Question

Solve the quadratic equation. $$x^{2}-4 x-6=0$$

Short answer

The solutions to the equation \( x^{2}-4x-6=0 \) are \( x=2+\sqrt{10} \) and \( x=2-\sqrt{10} \).

Step-by-step solution

Identify values of a, b and c

In the given equation \( x^{2}-4x-6=0 \), \( a=1 \), \( b=-4 \), and \( c=-6 \) are the coefficients of the quadratic equation.

Substitute values into the quadratic formula

Now, substitute the values of \( a \), \( b \), and \( c \) into the quadratic formula \( x=\frac{-b \pm \sqrt{b^{2}-4ac}}{2a} \). So \( x=\frac{-(-4) \pm \sqrt{(-4)^{2}-4*1*(-6)}}{2*1} \).

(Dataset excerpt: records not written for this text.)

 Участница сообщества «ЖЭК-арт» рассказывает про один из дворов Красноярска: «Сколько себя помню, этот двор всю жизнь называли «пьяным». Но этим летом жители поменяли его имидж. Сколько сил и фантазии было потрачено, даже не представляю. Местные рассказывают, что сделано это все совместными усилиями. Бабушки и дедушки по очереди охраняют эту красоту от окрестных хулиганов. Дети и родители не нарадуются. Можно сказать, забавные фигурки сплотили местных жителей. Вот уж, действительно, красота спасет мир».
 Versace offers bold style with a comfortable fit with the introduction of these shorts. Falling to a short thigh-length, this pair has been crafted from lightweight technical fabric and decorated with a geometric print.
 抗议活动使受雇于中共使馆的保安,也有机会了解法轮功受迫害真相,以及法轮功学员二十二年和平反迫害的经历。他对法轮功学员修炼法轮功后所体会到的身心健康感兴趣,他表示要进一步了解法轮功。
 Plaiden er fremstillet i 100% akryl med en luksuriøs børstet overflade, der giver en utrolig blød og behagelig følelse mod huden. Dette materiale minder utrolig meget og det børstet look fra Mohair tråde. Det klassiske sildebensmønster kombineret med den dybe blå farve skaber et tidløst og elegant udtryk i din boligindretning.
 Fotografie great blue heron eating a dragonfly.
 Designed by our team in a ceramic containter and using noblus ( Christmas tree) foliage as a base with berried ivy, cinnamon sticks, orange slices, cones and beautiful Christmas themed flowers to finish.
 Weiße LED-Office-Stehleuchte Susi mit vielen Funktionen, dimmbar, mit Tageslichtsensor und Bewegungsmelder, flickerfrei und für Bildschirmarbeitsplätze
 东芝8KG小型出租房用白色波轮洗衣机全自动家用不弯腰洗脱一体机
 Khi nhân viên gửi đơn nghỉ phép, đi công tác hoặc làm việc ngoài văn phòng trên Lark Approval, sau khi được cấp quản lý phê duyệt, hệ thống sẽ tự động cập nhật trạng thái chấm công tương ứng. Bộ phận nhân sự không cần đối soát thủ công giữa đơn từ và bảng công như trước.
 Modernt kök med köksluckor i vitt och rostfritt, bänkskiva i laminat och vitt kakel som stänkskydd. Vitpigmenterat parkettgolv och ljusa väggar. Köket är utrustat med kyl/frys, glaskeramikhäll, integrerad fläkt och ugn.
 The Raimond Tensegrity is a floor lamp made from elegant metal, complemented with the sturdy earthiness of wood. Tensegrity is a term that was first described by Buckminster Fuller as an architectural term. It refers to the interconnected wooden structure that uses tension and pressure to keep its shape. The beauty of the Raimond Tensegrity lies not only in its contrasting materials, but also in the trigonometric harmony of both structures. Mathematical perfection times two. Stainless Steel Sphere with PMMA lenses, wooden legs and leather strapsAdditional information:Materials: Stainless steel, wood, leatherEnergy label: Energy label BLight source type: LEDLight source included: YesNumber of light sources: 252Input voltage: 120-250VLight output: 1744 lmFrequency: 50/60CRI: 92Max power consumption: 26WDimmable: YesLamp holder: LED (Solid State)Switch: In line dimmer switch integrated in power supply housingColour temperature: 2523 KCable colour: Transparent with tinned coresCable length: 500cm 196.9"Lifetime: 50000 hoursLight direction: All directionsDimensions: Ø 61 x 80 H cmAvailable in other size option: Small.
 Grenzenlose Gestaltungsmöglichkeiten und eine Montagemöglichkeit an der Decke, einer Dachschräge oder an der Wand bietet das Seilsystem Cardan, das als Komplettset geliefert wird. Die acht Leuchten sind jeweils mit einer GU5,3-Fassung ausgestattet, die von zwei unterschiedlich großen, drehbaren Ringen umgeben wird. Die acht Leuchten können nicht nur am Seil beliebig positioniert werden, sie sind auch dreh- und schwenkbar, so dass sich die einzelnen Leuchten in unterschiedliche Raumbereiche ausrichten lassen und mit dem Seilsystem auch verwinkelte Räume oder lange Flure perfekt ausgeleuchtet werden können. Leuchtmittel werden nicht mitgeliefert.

Simplifying the expression

Simplifying the expression gives the solution \( x=\frac{4 \pm \sqrt{16+24}}{2} \). Which further simplifies to \( x=\frac{4 \pm \sqrt{40}}{2} \). After simplification, we get \( x=\frac{4 \pm 2\sqrt{10}}{2} \). This simplifies further to \( x= 2 \pm \sqrt{10} \). Thus, the roots of the given quadratic equation are \( x=2+\sqrt{10} \) and \( x=2-\sqrt{10} \).